Google Says It’s Not the Driverless Car’s Fault. It’s Other Drivers’ - gwintrob
http://www.nytimes.com/2015/09/02/technology/personaltech/google-says-its-not-the-driverless-cars-fault-its-other-drivers.html?hp&action=click&pgtype=Homepage&module=second-column-region&region=top-news&WT.nav=top-news&_r=0
======
jerf
'“It’s always going to follow the rules, I mean, almost to a point where human
drivers who get in the car and are like ‘Why is the car doing that?’” said Tom
Supple, a Google safety driver during a recent test drive on the streets near
Google’s Silicon Valley headquarters.'

This is a drum that, like privacy and encryption, we techies need to start
banging hard before it's too late. The fact that laws are _fundamentally_
limited by our abilities to enforce them, and that laws are _fundamentally_
written to be enforced by humans with some discretion, is such a deep
assumption for us that we don't see it. We irrationally tend to conceive of a
law that says "It is a felony to wear your hair in a ponytail on a Tuesday" as
an absolute, even though what it really means is "If a police officer spots
you with your hair in a ponytail on a Tuesday, and by their discretion arrests
you, and at the discretion of a prosecutor charges you, who at the discretion
of a judge and jury convicts you, you will be guilty of a felony." _All_ laws
actually say that, but that's not how we humans speak or conceptualize them.
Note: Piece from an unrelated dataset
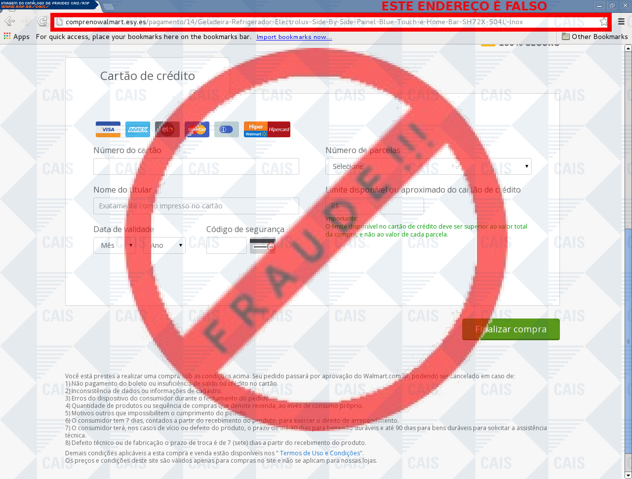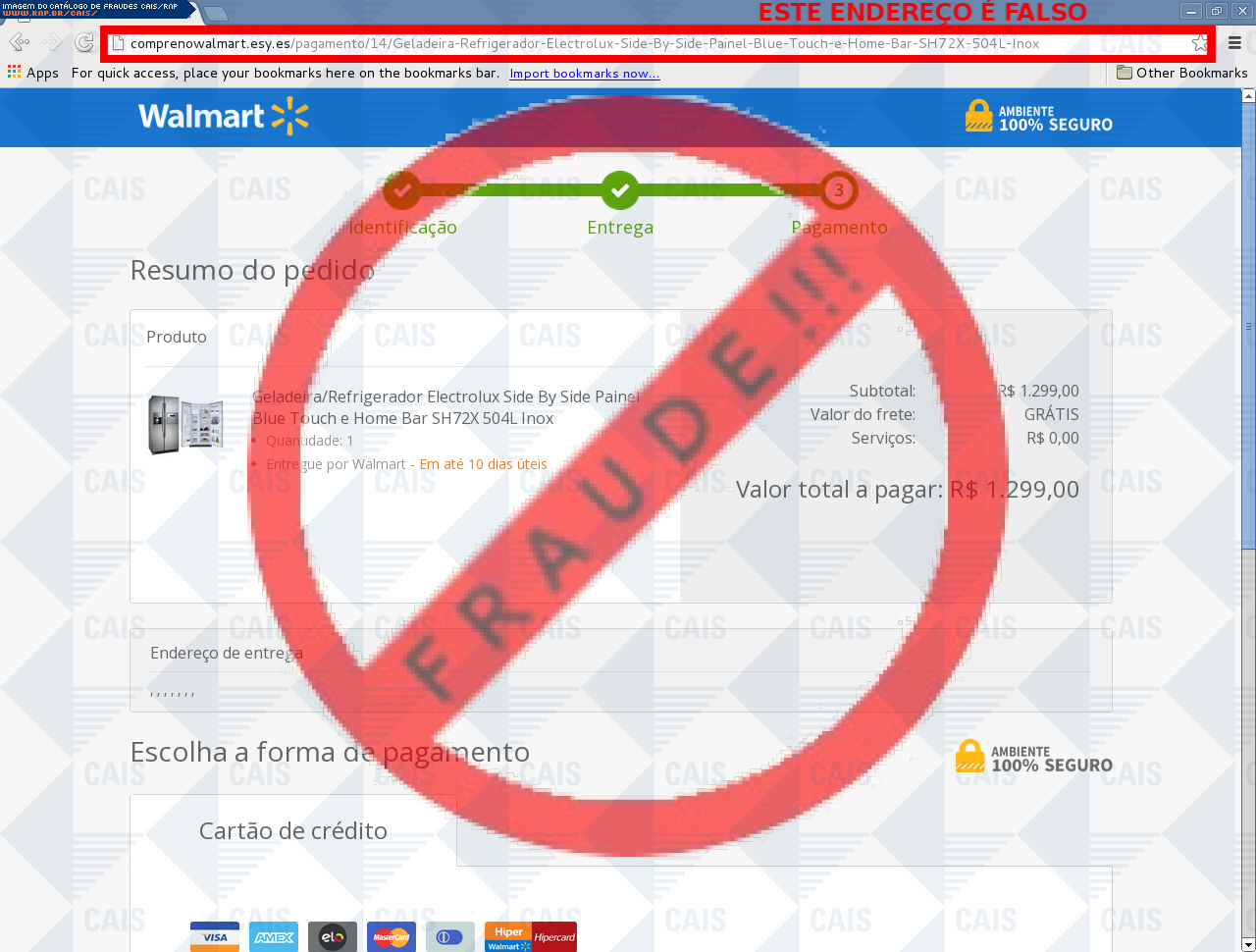 | comentário | A vítima recebe um e-mail informando sobre promoções no site de compra da Walmart disponibilizando link de vários produtos em desconto, no entanto a página é falsa destinada a roubar as informações pessoais e do cartão do usuário. | |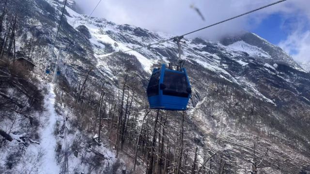 ▲ 甘海子游客中心西行约5公里。便来到了雪山脚下的下部站,这里是雪山大索道的起点站,一片茂密的原始森林,这里海拔3356米,索道由此往上运行,直至雪山主峰扇子陡正下方的上部站,那里海拔4506米。索道全长2914米,垂直高差1150米。是我国海拔最高的旅游客运索道。索道采用6人座豪华脱抱式全封闭吊箱,安全舒适,你的行程由下部站的茫茫林海,到上部站的白雪皑皑,中间运行时间仅为半小时,而你却有经历四季之感。(需要看日照的旅客需要提前与客服沟通,如未沟通我们将根据索道时间随机安排行程)

Also note the importance of a human even spotting the violation in the first
place.

So, naturally, when we get technology that can rigidly enforce law, we don't
program them with the "real" law, we program them with the _text_ of the law.
But the truth is, _the text was never passed as a law_. When the law was
deliberated, everybody was _really_ deliberating the version that involves all
the human discretion, and prior to the introduction of computers, the law that
was really enforced was the one with all the human discretion. A rigidly-
enforced-by-computer law is a _fundamentally different law_ , in the most
concrete way possible; actions that you would never have been penalized by the
human law result in immediate penalty in the computer world. There's no more
concrete way to prove the point that it is a fundamentally different law.
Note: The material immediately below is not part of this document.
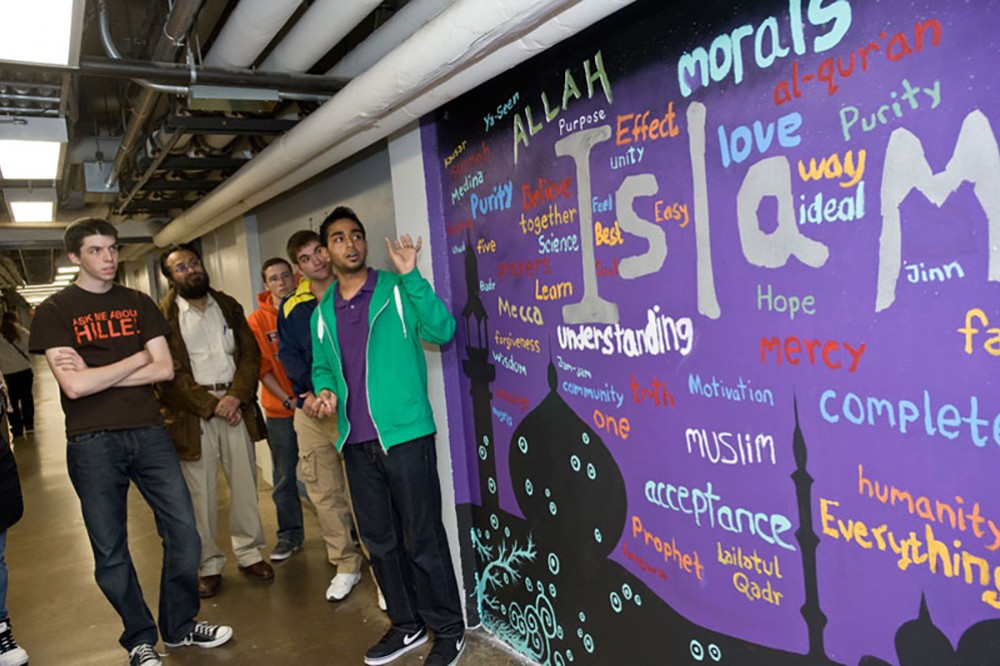 RITâs Muslim Student Association dedicated a new mural in the tunnels under the residence halls on Nov. 3. The mural signifies Muslim tradition, belief and values, says Yilmaz Yoruk, a biomedical sciences major and member of the association. The Muslim mural joins scores of other murals in the RIT tunnels. To learn more about the tunnel murals at RIT, go to Tunnels tell stories of the times and photo gallery of murals. -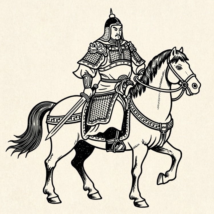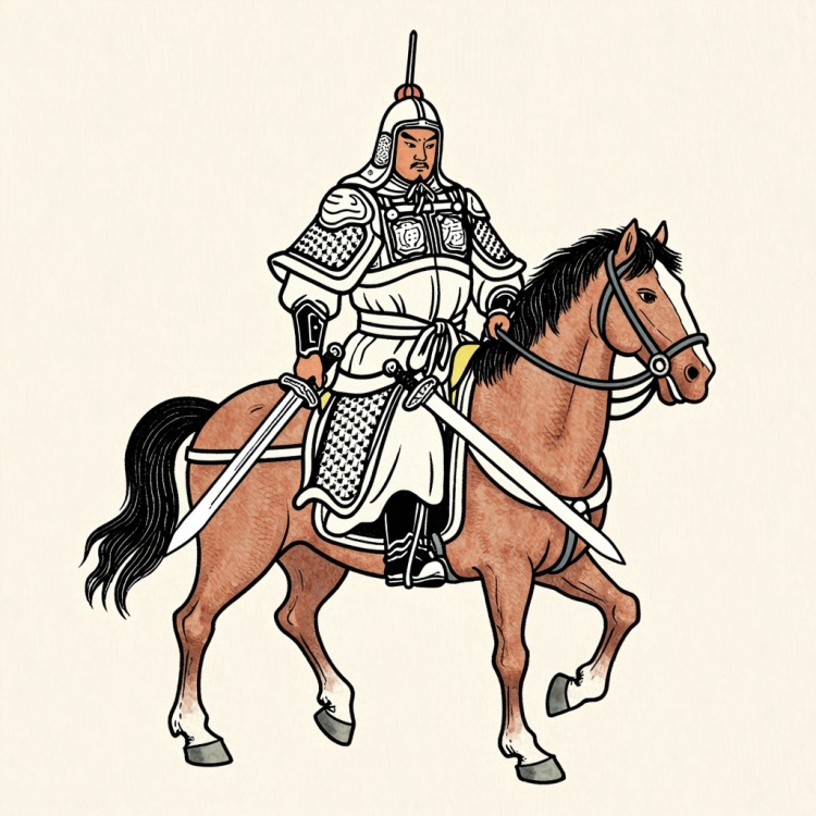 ZiTBMWujiang, The image depicts a traditional Chinese warrior on horseback, dressed in detailed armor and wielding a sword. The warrior's attire includes intricate patterns and a long flowing cape, and the horse is depicted with a strong, muscular build. The background is plain, with no additional objects or scenery, allowing the focus to remain on the warrior and his steed. The image is drawn in a classic style, likely inspired by historical or mythological depictions of Chinese warriors.

We CAN NOT simply translate the text of the law into computer programs. If we
are going to do computer enforcement of laws (and I'm going to drop the
question of whether that's a good idea, feel free to debate in replies), we
_must_ write new law. By that, I do not merely mean that society has an
obligation to write new laws, but that the very act of programming a law _is_
writing a new law into existence, one never deliberated by the processes of
democracy. We _literally_ can not simply translate laws into programs. It is
impossible. The result is not the same law.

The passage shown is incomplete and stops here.